# TASK DATA:

----

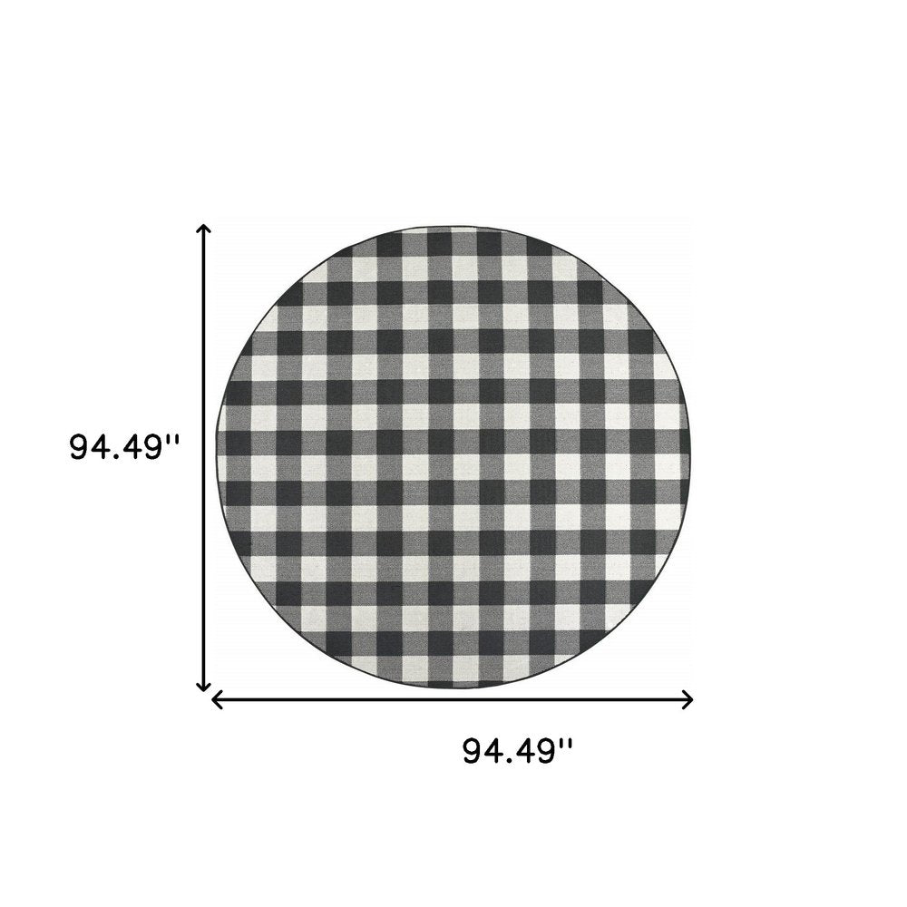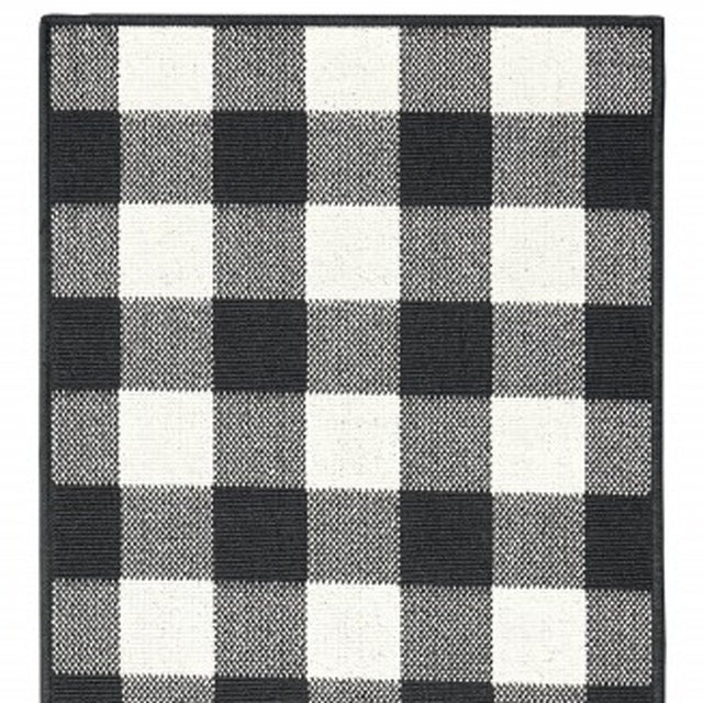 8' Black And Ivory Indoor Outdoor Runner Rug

----

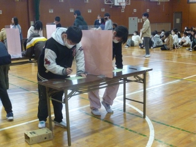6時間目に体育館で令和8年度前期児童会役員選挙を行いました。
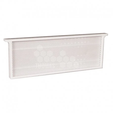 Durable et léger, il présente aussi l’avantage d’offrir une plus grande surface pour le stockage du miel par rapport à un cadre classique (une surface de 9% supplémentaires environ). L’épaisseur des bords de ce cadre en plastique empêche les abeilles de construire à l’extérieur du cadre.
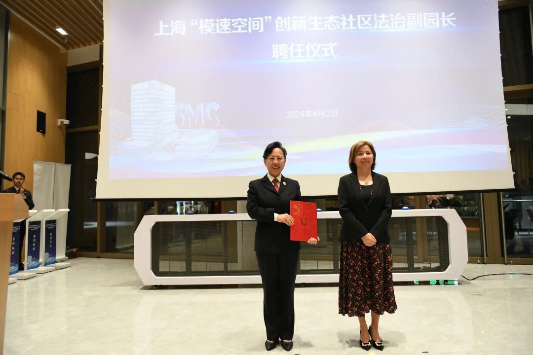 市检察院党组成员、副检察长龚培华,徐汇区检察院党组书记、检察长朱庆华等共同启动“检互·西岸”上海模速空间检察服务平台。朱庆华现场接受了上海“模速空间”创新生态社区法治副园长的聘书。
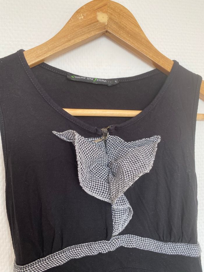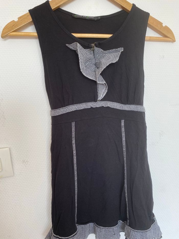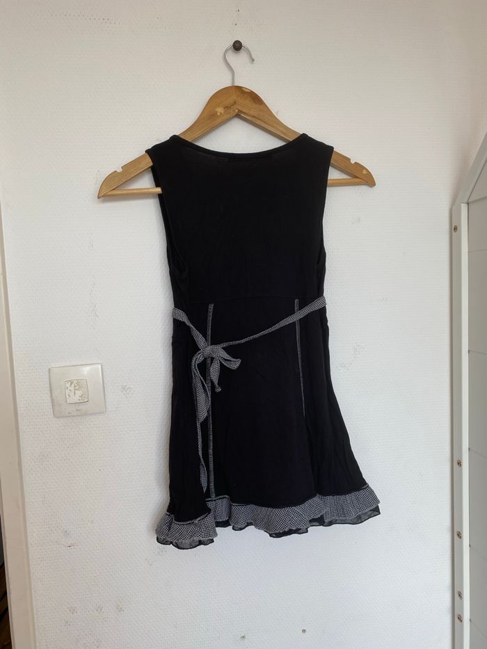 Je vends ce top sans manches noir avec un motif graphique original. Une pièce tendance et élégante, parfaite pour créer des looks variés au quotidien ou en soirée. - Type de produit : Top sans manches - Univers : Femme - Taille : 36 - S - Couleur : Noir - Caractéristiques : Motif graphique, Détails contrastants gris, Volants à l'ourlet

----

# WHAT IS NEEDED:
Leaving pictures out, output the lines of the data above from the one with "Durable et léger, il" through the one with "市检察院党组成员、副检察长龚", word for word.

# EXERCISE ANSWER:
 Durable et léger, il présente aussi l’avantage d’offrir une plus grande surface pour le stockage du miel par rapport à un cadre classique (une surface de 9% supplémentaires environ). L’épaisseur des bords de ce cadre en plastique empêche les abeilles de construire à l’extérieur du cadre.
 市检察院党组成员、副检察长龚培华,徐汇区检察院党组书记、检察长朱庆华等共同启动“检互·西岸”上海模速空间检察服务平台。朱庆华现场接受了上海“模速空间”创新生态社区法治副园长的聘书。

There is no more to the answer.